Exactly the lines below from the line with "We assume you" through the line with "Binary Prefix Divisible" must make up the answer, both ends included and pictures left out.

BEGIN Provided data

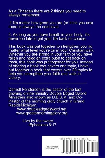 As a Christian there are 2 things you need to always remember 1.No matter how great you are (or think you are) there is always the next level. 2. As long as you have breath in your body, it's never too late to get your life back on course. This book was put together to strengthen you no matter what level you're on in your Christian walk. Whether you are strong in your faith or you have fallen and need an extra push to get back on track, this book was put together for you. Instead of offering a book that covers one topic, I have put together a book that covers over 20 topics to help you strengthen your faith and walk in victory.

END Provided data
BEGIN Provided data

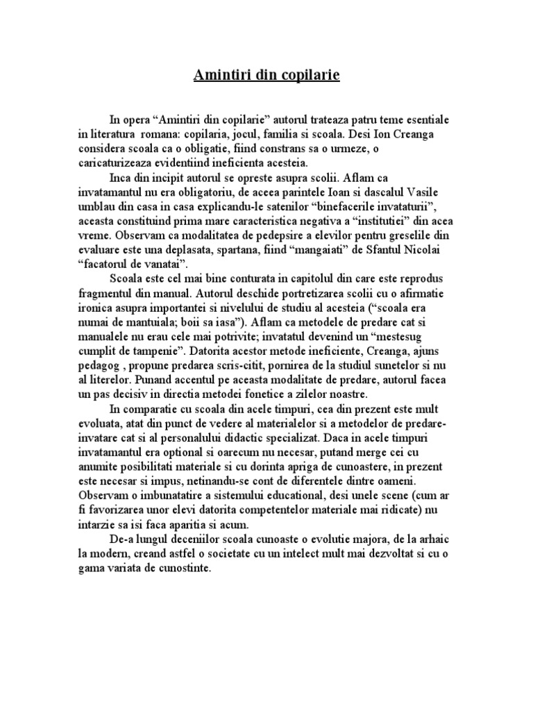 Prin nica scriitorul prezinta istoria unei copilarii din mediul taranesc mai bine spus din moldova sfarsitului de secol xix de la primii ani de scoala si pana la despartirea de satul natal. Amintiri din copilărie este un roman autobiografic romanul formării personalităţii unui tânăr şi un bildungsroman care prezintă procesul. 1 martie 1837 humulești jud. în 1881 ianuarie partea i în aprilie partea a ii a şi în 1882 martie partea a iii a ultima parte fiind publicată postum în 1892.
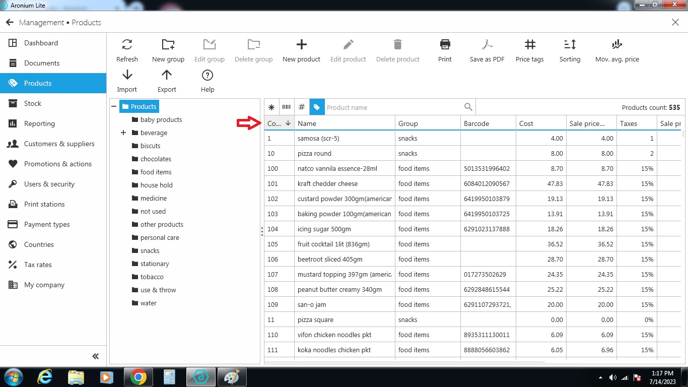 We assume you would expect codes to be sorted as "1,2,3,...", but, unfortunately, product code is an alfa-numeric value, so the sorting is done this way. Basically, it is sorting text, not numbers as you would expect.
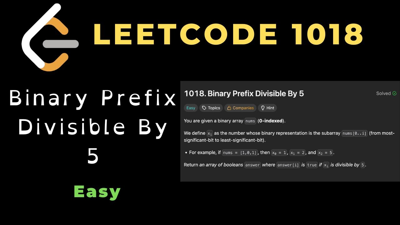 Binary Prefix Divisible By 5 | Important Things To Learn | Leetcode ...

END Provided data

_Response_
 We assume you would expect codes to be sorted as "1,2,3,...", but, unfortunately, product code is an alfa-numeric value, so the sorting is done this way. Basically, it is sorting text, not numbers as you would expect.
 Binary Prefix Divisible By 5 | Important Things To Learn | Leetcode ...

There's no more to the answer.